LISTEN | The end of spanking? Sask. parents talk non-violent discipline:
A Saskatoon woman has long been on a campaign to end childhood corporal punishment. She's written a book about it now. Author Ailsa Watkinson is on the show to talk about her new book Spare the Child: Ending Childhood Corporal Punishment. She talks about the legal, cultural and historical acceptance of corporal punishment. Then, we'll convene a parenting panel to talk about discipling children without violence. They talk about navigating different cultural norms - and what to do in those moments when you are really angry.

Section 43 of the Criminal Code of Canada permits parents to use minor corrective force against their children for the purpose of discipline if they're over two years old and not teenagers.

Watkinson, a grandmother and professor emerita of social work at the University of Regina, also examines society's shifting attitudes toward corporal punishment.

Father's advice

How different generations approach parenting is s subject Regina father Peter Brass explores in Indigenous Dads, a documentary he directed about raising Indigenous children.

His own father is a residential school survivor and “carried that kind of corporal punishment idea with him in his child rearing,” Brass told CBC Blue Sky host Nichole Huck.

Brass said he was spanked “a couple times” as a child, but noticed his father’s views had shifted when he became a grandparent. Brass recalled his father’s advice in a moment of frustration with his son.

“I was being a dad in front of my dad and he stopped me and was like, ‘You shouldn't talk to him like that. He's tender,'” Brass said.

“He referred to my son as tender. I think he was referring to him as a child, not just my son … I think that evolution is based on regret. He regretted having reacted knee-jerk in situations.”

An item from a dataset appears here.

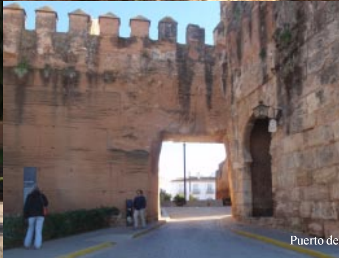
Puerto del Socorro.
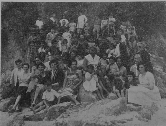
Sortie de l'Heure d'Amitié du quartier de l'Hippodrome du jeudi 16 Juin 1960, à Beg-Meil.

Réflexions qui nous firent revivre les heures passées ensemble, et aussi désirer de nous retrouver toutes.

Watkinson said "there’s a large body of evidence" showing corporal punishment's negative effects on children that may not manifest immediately, including physical injuries, long-term trauma and mental health issues, increased aggression and relationship difficulty.

Bible belt

Corporal punishment may have fallen out of favour in mainstream society, but some cultural and faith-based groups still consider it a parent’s right to hit their child, Watkinson said.

She sat in the courtroom during recent trials of men who used to run a private Christian school in Saskatoon and who are charged with or convicted of assault for hitting teenage students with a wooden paddle as punishment.

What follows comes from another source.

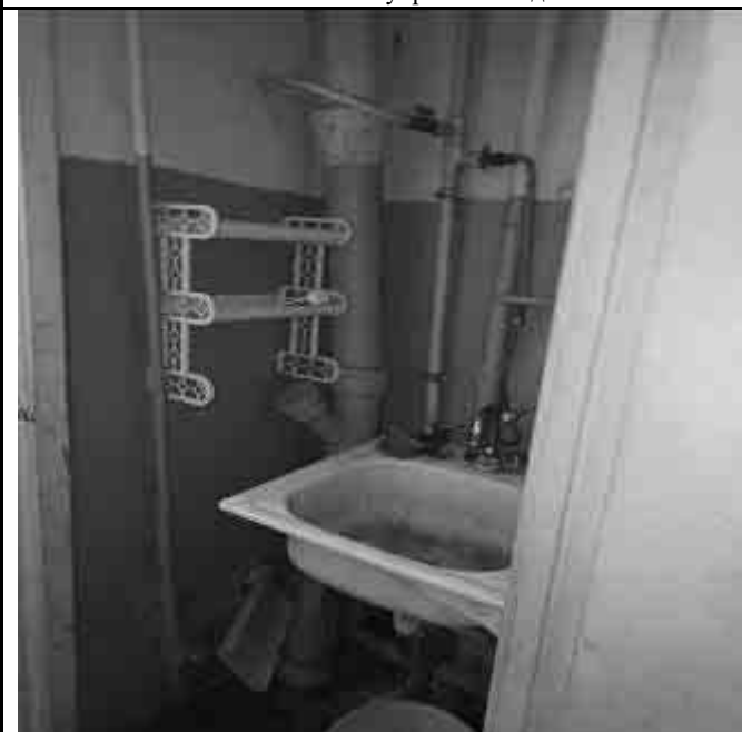
Фото №26 Внутренний вид

"It's part of the culture war because when you look at those who support as opposed to those who find it abhorrent, it's along ideological and political lines, and Legacy Christian [Academy] is a prime example of it," Watkinson said.

Marina Iyeme-Eteng is originally from Nigeria. She now lives in Saskatoon, where she is raising two children and works as a family life coach. The strong religious undercurrents in Nigerian culture “made it widely acceptable for parents to be able to spank,” Iyeme-Eteng told CBC’s Blue Sky.

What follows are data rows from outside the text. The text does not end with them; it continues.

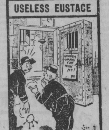
—A ver cómo podemos detener al número 99. Se ha escapado porque me equivocó y le cogió las llaves a la espalda. (De "Daily Mirror")

EL "QUILATE" ES POCO FIJO. La unidad de peso para las transacciones de piedras y metales preciosos, conocida en el mercado de alhajas con el nombre de "quilate", no tiene el mismo peso en todas las naciones.
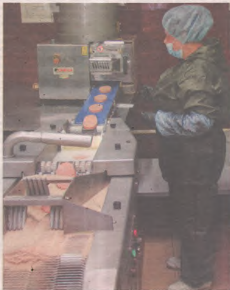
■ С полуфабрикатами готовить легко.
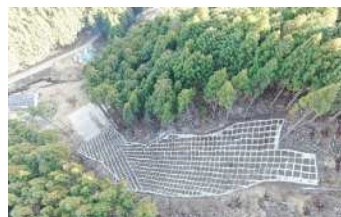
治山施設による山地災害地の復旧
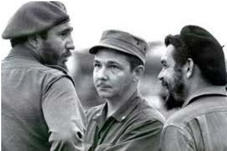
Fidel Castro, Raúl Castro, and Che Guevara, early days of the revolution

Raúl Castro Ruz cumplirá 95 años el 3 de junio. Durante 73 años ha cometido atroces crímenes contra los cubanos y los ha privado de sus derechos fundamentales —civiles, políticos, económicos, sociales y culturales, comenzando por el de la autodeterminación.
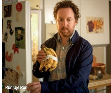
Run Uje Run.
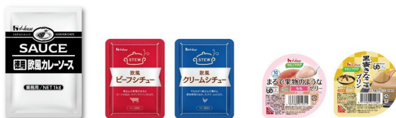
本工場で製造している製品<一例>

特にグループで業務用製品の企画開発・販売を担うハウスギャバン株式会社とのシナジーを発揮させ、外食レストランチェーンから個店までの料飲店や、中食、食品加工業、給食、ケアフード事業など、多様なお客様のニーズに対してスピードとフレキシビリティを兼ね備えた生産体制を実現します。また、ハウス食品グループの研究開発・技術を活用し、家庭用製品の製造も含めて様々な製品展開をおこなってまいります。
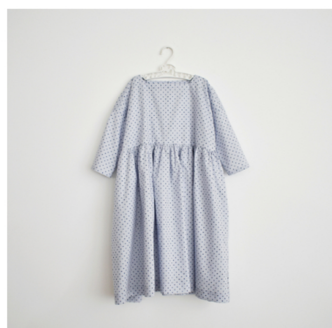
パールラベンダー: 『CHECK&STRIPEの子ども服 ソーイング・ナーサリー』(文化 出版局) スクエアネックのギャザ ーワンピース
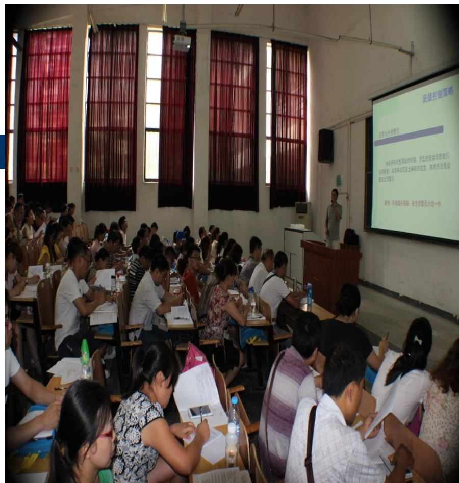
2013年在武汉城市学院为全省班主任作安全教育培训

“There were no restrictions,” she said. “There was no guidance for how far was too far … If you don't discipline, then the child becomes an abomination to the parent.”

A wife and husband and their two children pose for a photo.
Marina Iyeme-Eteng with her family. (Juggernautx Photography)

She said faith-based justification for hitting children is misguided.

“I believe in the Bible, but I find that some of those scriptures have been taken out of context where the rod that we're referring to has now been likened to a physical rod that should be used to hit [instead of] the rod of a shepherd,” Iyeme-Eteng said.

“It’s supposed to be a tool for guidance and direction and safety, and not physical spanking.”

She said corporal punishment can be confusing for children.

"I was spanked as a kid for things that I didn't understand,” she said, adding that it’s important for parents “to provide guidance and direction without necessarily resorting to physical violence or force.”

Corporal punishment teaches children to fear their parents when they should be learning positive values, Brass said.

“I'm constantly trying to take care of this little version of myself that I see in them," he said. "It's just this kind of weird cycle of care and love … that would crush me, if my kids were afraid of me.”